As of May 2024, six vaccines are authorized globally to protect males and females against cancers caused by HPV.

According to an article published by the Lancet Infectious Diseases on May 8, 2024, there are ethical reasons to transition to a single-dose strategy.

These scientists discuss how a single-dose HPV vaccination strategy advances equity in three dimensions: vaccine equity, health equity, and gender equity.

Adopting a single-dose strategy eases pressure on vaccine supply, lowers program costs, and is easier to distribute.

This change facilitates vaccine procurement and implementation programs (contributing to vaccine equity) and reaching hard-to-reach people or populations (contributing to health equity).

A lower number of cases of HPV-related diseases that stem from greater vaccine distribution reduces the burden on women, who are at a higher risk of HPV-related disease or who act as caregivers, which prevents them from accessing opportunities that contribute to their empowerment (contributing to gender equity).
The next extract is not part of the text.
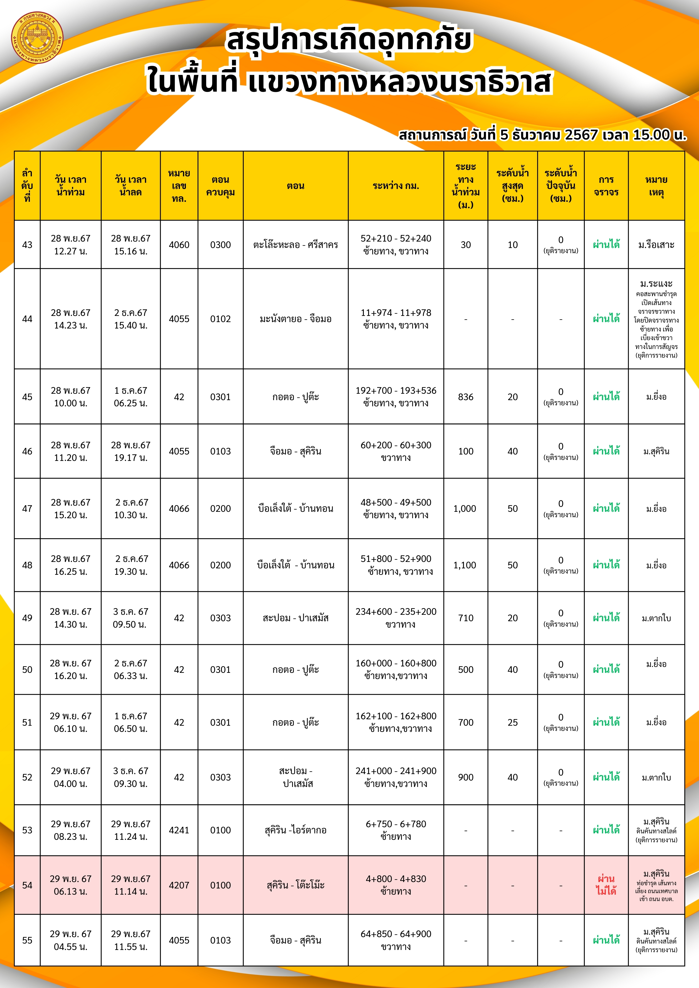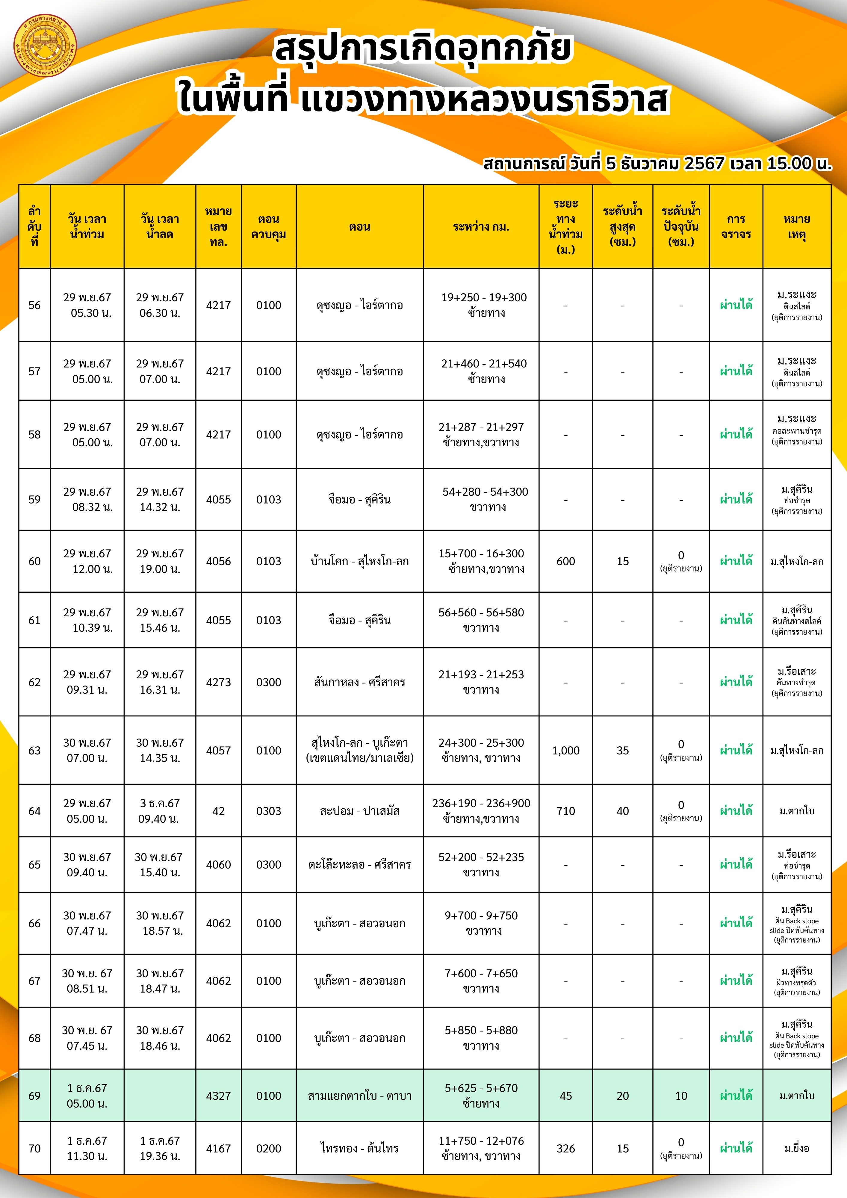 แขวงทางหลวงนราธิวาส ขอรายงานสถานการณ์อุทกภัยในพื้นที่จังหวัดนราธิวาส วันเวลาที่ update วันที่ 5 ธ.ค. 67 เวลา 20.00 น.

Thus, these scientists wrote that pursuing the single-dose HPV vaccination program strategy is ethically desirable.

In April 2022, WHO's Strategic Advisory Group of Experts on Immunization concluded that a single-dose HPV vaccine delivers virus protection comparable to 2-dose schedules.

In the U.S., the Centers for Disease Control and Prevention (CDC) HPV vaccination has been recommended for women since 2006 and for men since 2011. Current CDC HPV vaccination schedules were updated in 2023.